A lot to smile about, if he wants to: Landreneau has brought much success to McNeese softball program – American Press
Head softball coach James Landreneau guided McNeese State to its eighth NCAA Tournament appearance and first regional final last week in the Evanston (Ill.) Regional. (Phillip Mitchell / Special to the American Press)
There is physical proof that James Landreneau does in fact smile.
It was right there for all McNeese State softball fans to see.
Maybe it did just happen once, but it was caught on national television.
Moments after his Cowgirls turned a triple play against Notre Dame last May in the Evanston Regional the ESPN cameras turned and focused on the McNeese bench.
As the players celebrated there it was, just for a second but it was clear as day, the cowgirl head coach was grinning from ear to ear. In a flash the moment was gone, for there was still a game against a top 25 team to win.
“I don’t know if he’s every really happy,” pitcher Ashley Vallejo said during last season. “He seems a bit grumpy a lot. But we know when he’s happy with us and when he’s not.”
Landreneau says he isn’t always unhappy.
“I smile,” said Landreneau. “I think I smile more than I get credit for. When we finally win a regional I will really smile.”
His Cowgirls are getting closer as two wins over the Irish this year had McNeese playing in the title game against host Northwestern, the ninth-ranked team in land at the time. That is more than enough to make a coach smile.
“No, James doesn’t like to smile,” said Todd Butler, McNeese Associate AD who overseas softball. “I have known him for two decades and he is a relentless worker, but he doesn’t smile very often. We kid him about that.”
The 47-year-old skipper of McNeese’s top program has a lot to smile about if he wants.
In his six seasons at the helm of the Cowgirls they have posted a 211-125 record and are 97-32 in Southland Conference play. He has been the league’s Coach of the Year twice and won the honor this past spring for all of Louisiana’s softball coaches.
His teams won at least 33 games every year but one, that in 2020 when the pandemic shut down the season early. At the time it ended McNeese was off to a 19-7 start.
It has led other schools to show interest in Landreneau, but he shut down talks with Troy early, believing he was closer to his goal at McNeese then starting over elsewhere.
“Every year there are schools that reach out, and it is flattering,” said Landreneau. “But I am very happy here at McNeese. I think we are trending in the right direction. I don’t see any reason to go anywhere else right now.”
Landreneau’s path to his present location is one interesting enough. He never figured to be coaching in college let along softball.
He was a baseball guy who was selling cars when the idea first came up.
But since taking over the Cowgirls in 2017 he has helped continue their rise in ranks and even made them a national name. They have become the power program in the Southland and have their eyes on bigger prizes.
Yet, none of this was planned.
“I didn’t every expect to be a college coach,” said Landreneau. “I didn’t have a college degree, I was selling cars and running Bullet Baseball.”
Then McNeese head coach Mike Smith wanted Landreneau just to help out and the only money he would offer him was a small amount for taking care of the field.
“I was officially working just 29 hours a week,” Landreneau said. “That was it. I had two kids. I had started Bullet Baseball (a group of travel teams) as an academy and was paying my own way.”

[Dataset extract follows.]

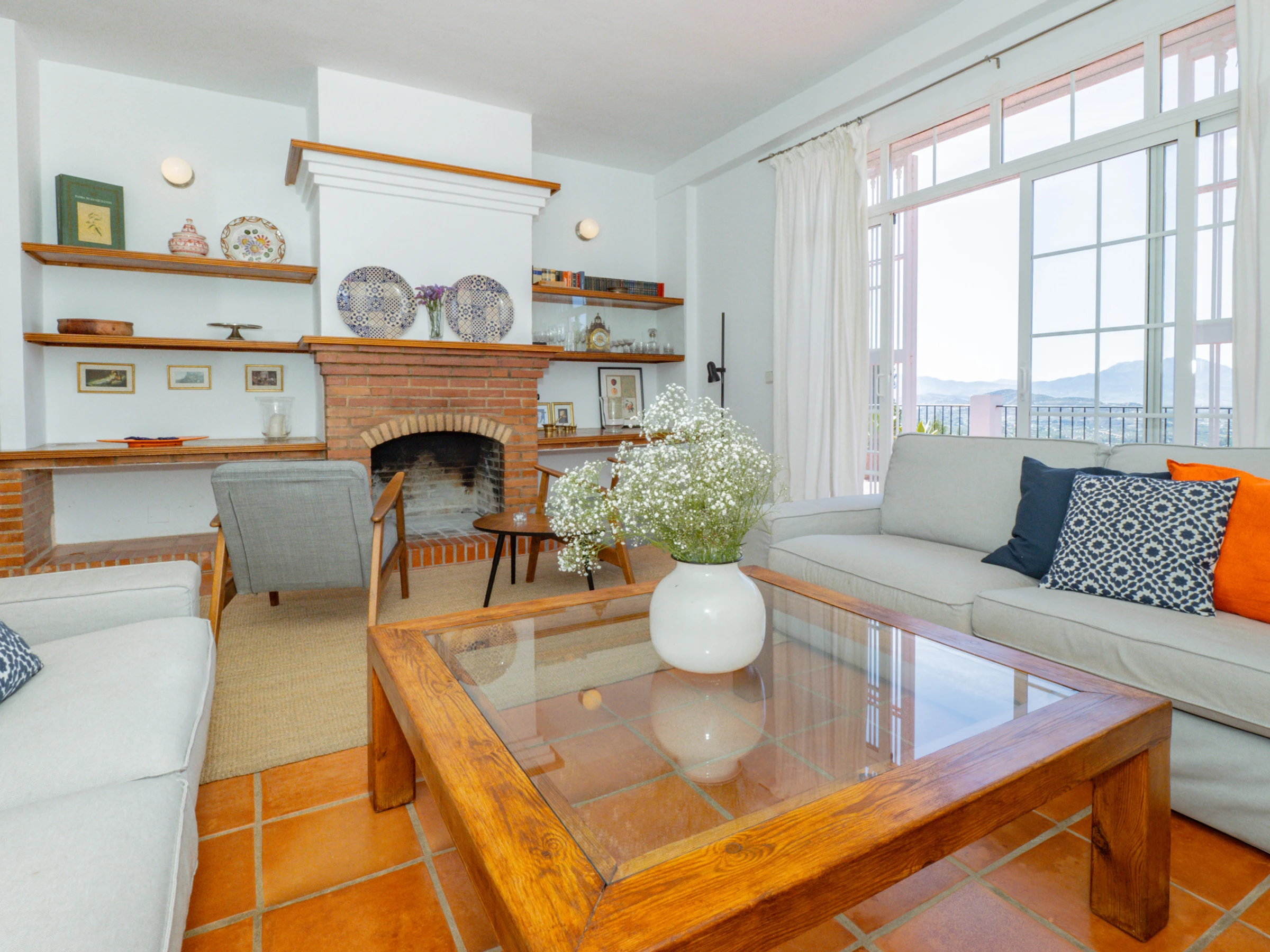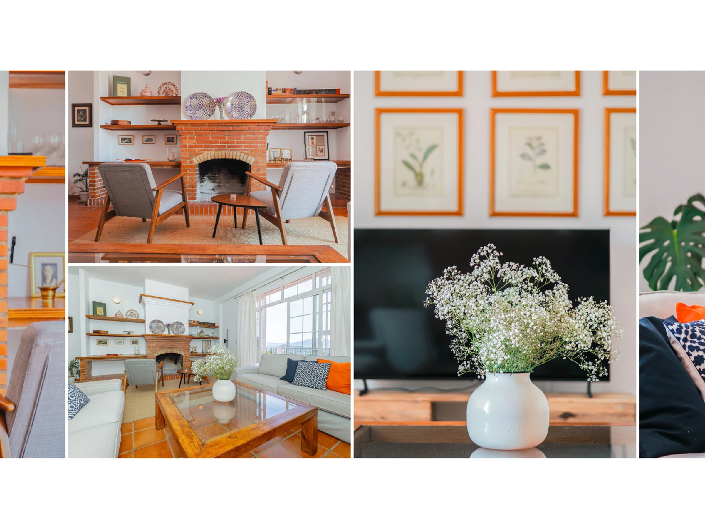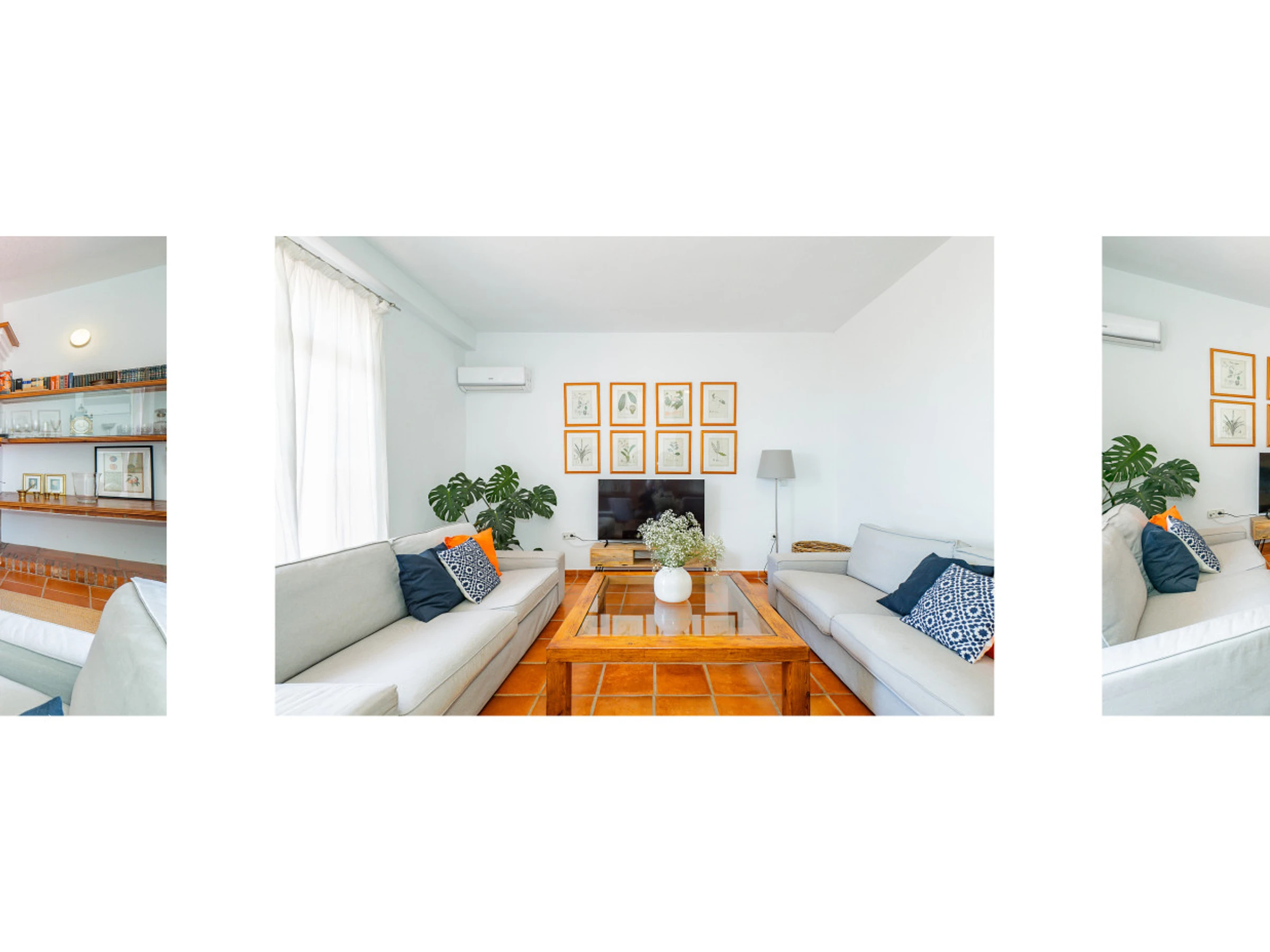 À l'intérieur, la maison offre trois salons aux ambiances différenciées : un salon-salle à manger contigu à la cuisine, idéal pour préparer et profiter des repas en famille ; un salon élégant avec cheminée et télévision qui se connecte à la terrasse ; et un troisième salon avec décoration classique, canapés confortables et une autre TV qui sépare les deux espaces de chambres, offrant intimité et confort.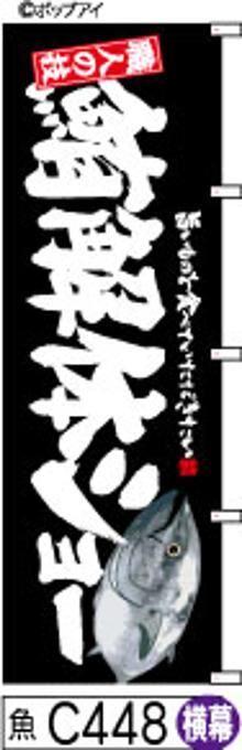 黒地に白抜きで手書きされた筆文字が、見る人の目を奪う横幕です。マグロの迫力あるイラストが印象的で、まぐろ解体ショーの雰囲気を一層盛り上げます!イベントや店舗の外観を華やかに演出し、訪れるお客様の期待感を高めます。

He even had to re-start his baseball business after Hurricane Rita in 2005.
“That wiped us out and we began all over again,” Landreneau said.
But all that, especially what he learned selling cars and his time as finance director at the dealership, helped make him a better softball coach.
“That thought me how to treat people and how to get to know what they need,” Landreneau said. “It is about the business of treating them right and telling them what you want and why and finding out what they want. You have to be able to listen and learn.”
Landreneau’s ability to grow with the program has been a huge plus for McNeese. He runs a polished team that is deeply involved in the community. And he has had his hand in every part of the softball building process.
Back before there was no section for season ticket holders Landreneau led the way to setting one. He even helped nail the special seats with his own hands.
“You do what you have to do,” he said. “I didn’t worry about what we didn’t have, I just figured out what we needed and found a way to get it.”
That has earned him not only respect in the softball world but also on his own campus.
“James has created the best culture of any of our athletic programs,” said McNeese Athletic Director Heath Schroyer. “He is a star. I’m so impressed by what he does and what he has built. We would be lost without him.”
As for on the field, Landreneau’s teams duck nobody. He plays one of the toughest schedules around. Last season his Cowgirls took on both Oklahoma and Texas, the two teams that met for the national championship.
“I want to play the best because that is what makes you the best,” Landreneau said. “We want to find out early what we need to work on.”
Work is the essence of Landreneau’s success.
“Really, the right doors have just always opened up for me,” he said. “I’ve been lucky for that. A spot at McNeese came up, I was able to get my degree and I just kept moving up. I got a Division I job and I didn’t have to move around the country.
“I was told that if you are good at what you do and enjoy your job and work hard at it, you will never have to apply for a job. People want to notice and want you. I’ve been lucky that way.”
Now they even notice when he smiles.